2021 was the year of institutional crypto adoption
Despite the volatility the crypto market experienced in 2021, the year turned out to be a net positive for almost every aspect of the crypto industry. The year saw several major developments that accelerated the adoption and success of the broader crypto market and others that served as headwinds that slowed down the market’s growth and forced its participants to take their losses and rebound.
However, none of these events seem to have slowed down the rate of institutional adoption. According to Kraken Intelligence’s 2021 Crypto-in-Review report, last year will unequivocally go down as the biggest year for cryptocurrencies in terms of adoption from institutions.
“Not only did multiple financial institutions and corporations gain exposure to the asset class, but capital inflows from new and existing crypto-focused investment vehicles took off,” the company said in the report.

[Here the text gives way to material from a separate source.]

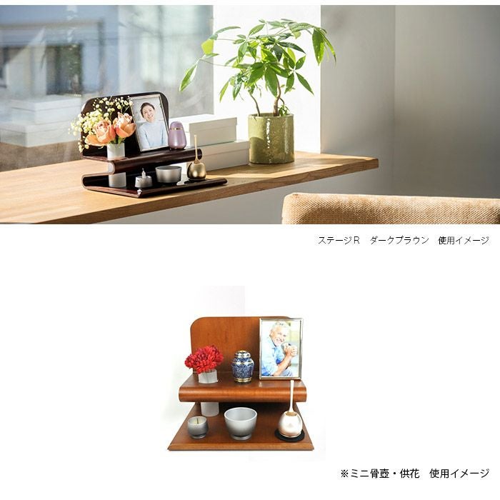 下の段に香炉や火立て、おりん、上の段に写真立てをおいても、手元供養のミニ骨壺や小さいお位牌を、メガネやアクセサリーなどの故人縁の小さな品を置けるスペースがあるなど、置き方飾り方は自由自在。

AUMs grow as more large institutions greenlight crypto efforts
As the market capitalization of the crypto industry grows, so does the number of crypto-dedicated investment funds looking to profit from the market’s returns. Crypto-dedicated investment funds saw their assets under management (AUM) increase from $36.25 billion in January 2021 to $59.6 billion in October 2021, representing a 64.4% increase.
Kraken Intelligence noted that a large part of this jump in AUM year-over-year is due to legacy financial institutions and investors investing directly into crypto-focused funds. In 2021, NYDIG raised $100 million from Liberty Mutual Insurance, the third-largest insurance provider in the U.S., and a cohort of other institutions. Fidelity Investments purchased a $20 million stake in Marathon Digital Holdings, a leading U.S. enterprise Bitcoin miner.
Large investments like these were followed by an increase in the overall number of crypto-focused funds, which grew from 804 in 2020 to 851. According to Kraken Intelligence, the bulk of this growth is represented by crypto-related hedge funds rather than venture capital.
And while this growth is rather impressive, it pales in comparison to the interest, support, and adoption from legacy financial institutions. Given their relative underexposure to the asset class, the rate of adoption from TradFi institutions stands out even further.
In 2021, some of the largest global financial institutions greenlighted both expensive and extensive cryptocurrency efforts. BlackRock, one of the largest investment management corporations in the world, authorized two of its funds to invest in Bitcoin. Legacy investment banking giant Morgan Stanley began offering its clients access to Bitcoin funds, while investment manager BNY Mellon said it would hold and transfer Bitcoin on behalf of its clients. The anti-bitcoin sentiment at J.P. Morgan turned around last year as it became the first bank to launch an in-house BTC fund for wealthy clients.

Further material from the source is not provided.